Task directions: Copy the data that follows exactly. Include no pictures.

Supplied data:
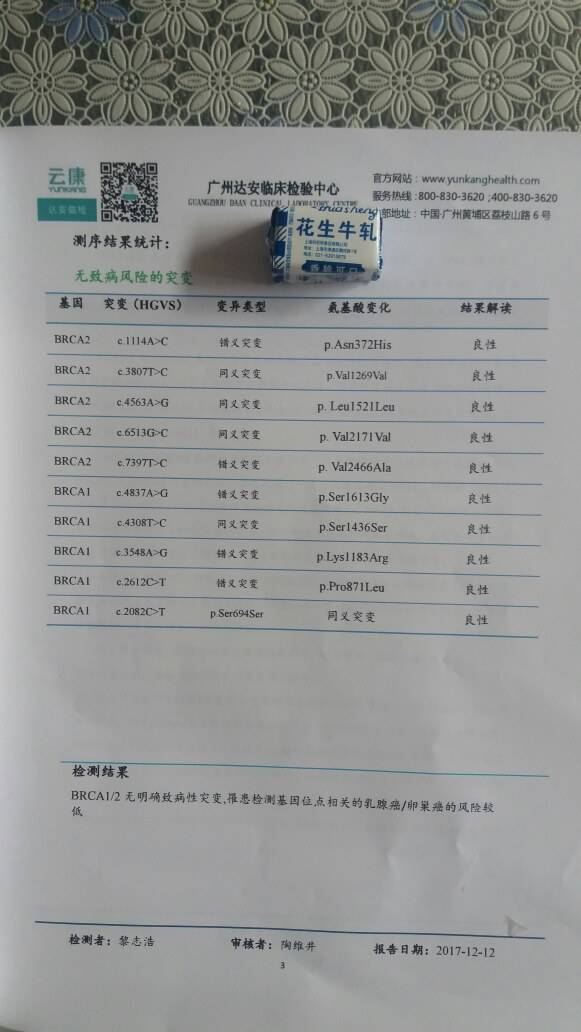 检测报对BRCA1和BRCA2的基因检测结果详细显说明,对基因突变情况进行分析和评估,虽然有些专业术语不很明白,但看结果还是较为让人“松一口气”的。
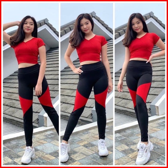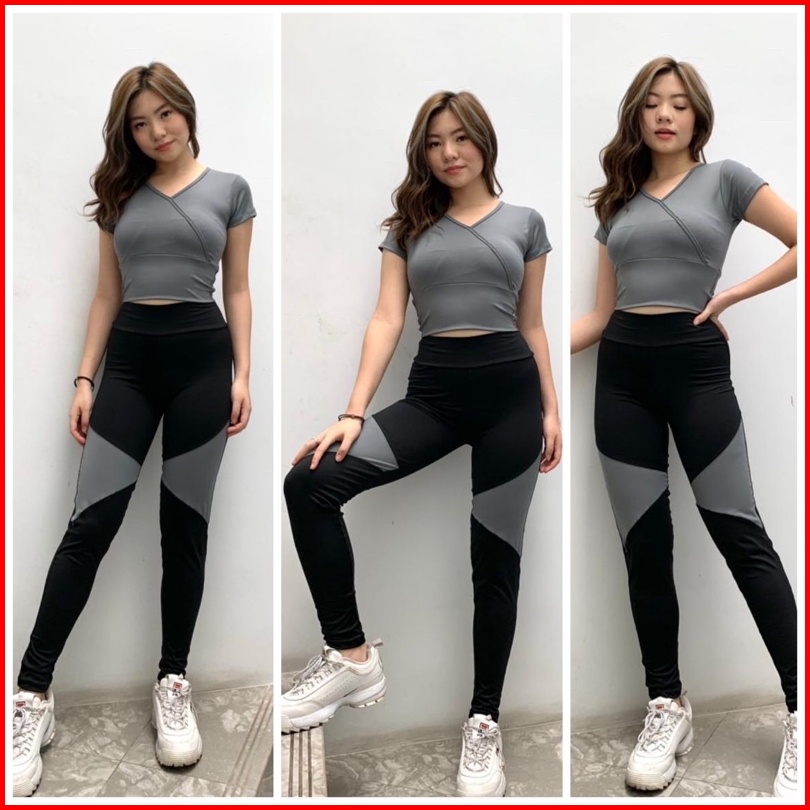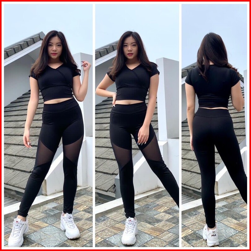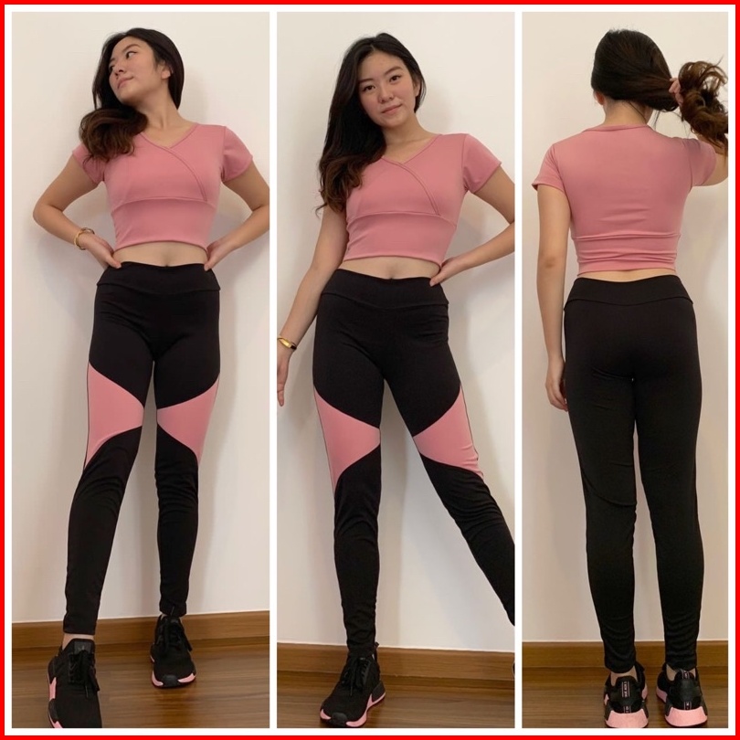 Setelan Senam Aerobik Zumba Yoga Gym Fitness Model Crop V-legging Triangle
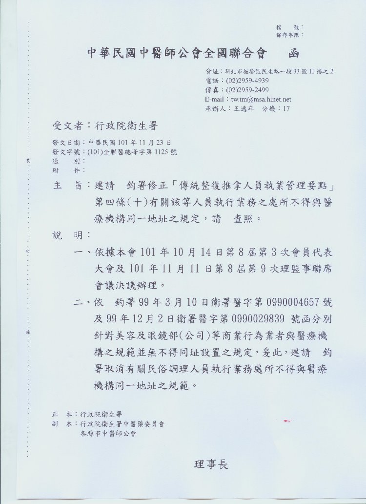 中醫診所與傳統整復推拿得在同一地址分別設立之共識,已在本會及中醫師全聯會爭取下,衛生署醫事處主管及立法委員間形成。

Task solution:
 检测报对BRCA1和BRCA2的基因检测结果详细显说明,对基因突变情况进行分析和评估,虽然有些专业术语不很明白,但看结果还是较为让人“松一口气”的。
 Setelan Senam Aerobik Zumba Yoga Gym Fitness Model Crop V-legging Triangle
 中醫診所與傳統整復推拿得在同一地址分別設立之共識,已在本會及中醫師全聯會爭取下,衛生署醫事處主管及立法委員間形成。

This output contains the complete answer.